Being a business owner can be an intense, scary, anxious lifestyle. It gets worse when you find out who your competitors are and when you look at what analysts predict your market to look like* (note to self: blog about how analysts base their predictions on past trends and surveys filled out by complete morons who are the only ones with enough spare time to fill out surveys for cheap gift cards because they don’t have enough business to keep them from hitting the delete key the second they see something that is not the part of their mission)
When you look at the big, crazy world it is hard to keep things in perspective and see things for what they really are. You get scared, uncertain, unsure.. I understand, believe me. I compete with Google, Microsoft, IBM, Sun.. companies that have more people in their janitorial staff than I do in my entire company. By definition, I ought to be hiding in the shower, crying and scrubbing really hard. Yet, I don’t. Why?
Here are the two polar opposites in business:
You can be the best.
or
You can be the cheapest.
Those are your narrow definitions of successful paths to follow. Lamborghini vs. Yugo. So you can set out to “Outferrari the Ferrari” and become a Lamborghini, but let’s face it, you’re probably not that good. So you try to be the Yugo, and in that attempt, you will be the same as every other business that closed its doors. No matter how cheap you think you can be, there is always China and India, where a worker costs a $1 a day and a Ph.D. goes for a $1 an hour. Even homeless bring in more $.
So if you can’t be the best or the cheapest, you look for compromise. You strive to be the best among what the customers actually need. How do you know? You ask them.

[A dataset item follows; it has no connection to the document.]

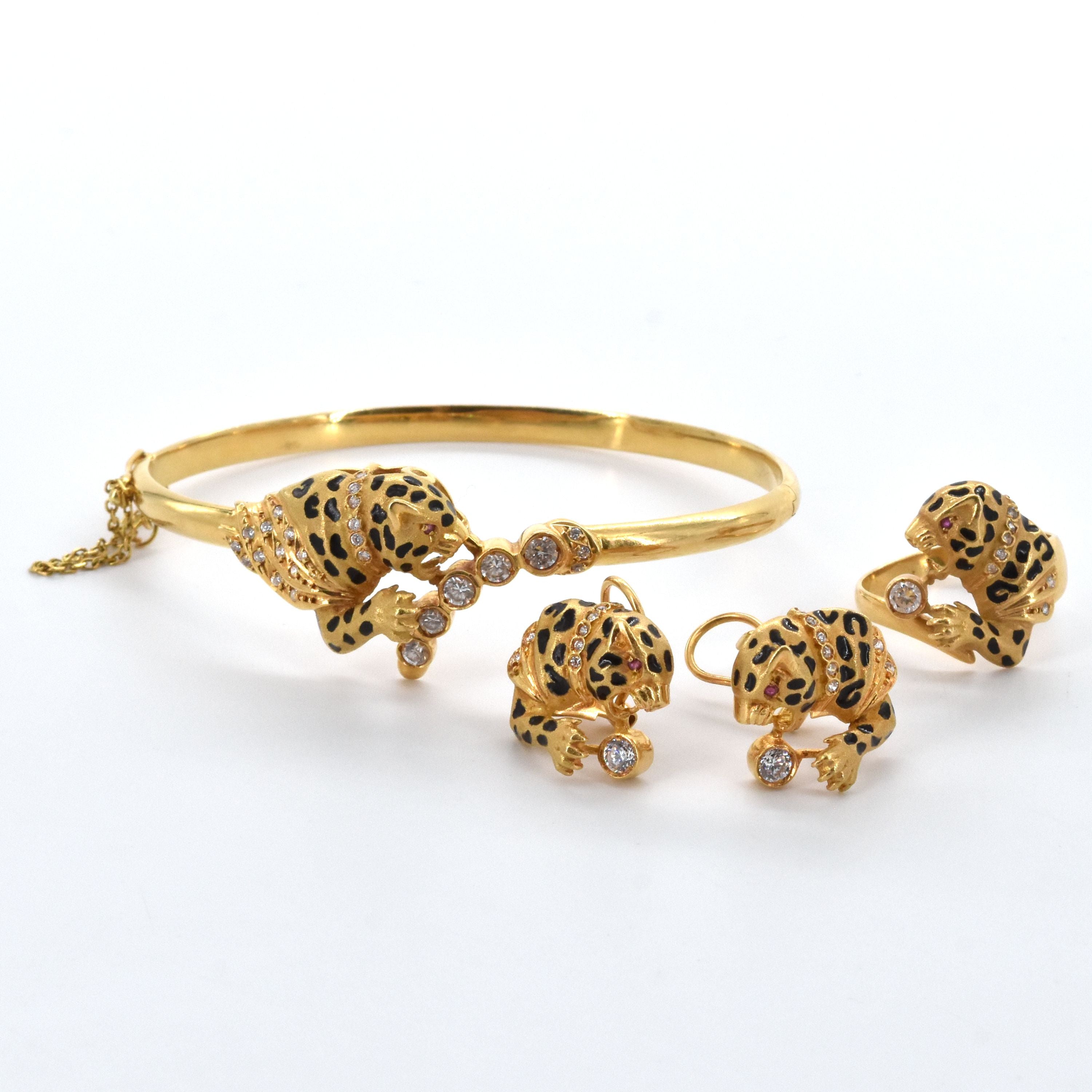 Ring, onbuigzame armband en 2 oorringen in 18 kt geelgoud (valse stenen, kleurstenen, email, beschadigd, gedeukt) - 24.6 g (Maat: 56) (17 cm)

Now, the general guruhood will likely disagree with that statement, which is why they are gurus and experts in your industry, not its actual participators and innovators. The best among what the customer actually needs varies from client to client, from region to region, from niche to niche. The important part is listening and giving your customers a chance to talk. That scales, so long as your respect for your customer can grow along with your company and the feedback of the people that got you to the point where you are at now still matters, despite the revenue % their opinion may represent.
To them, you will always be the best. And that sure as hell beats spending more on advertising. If these concepts are foreign, hit this link again. And again, and again, and again until it changes every single pile of junk you call your marketing collateral.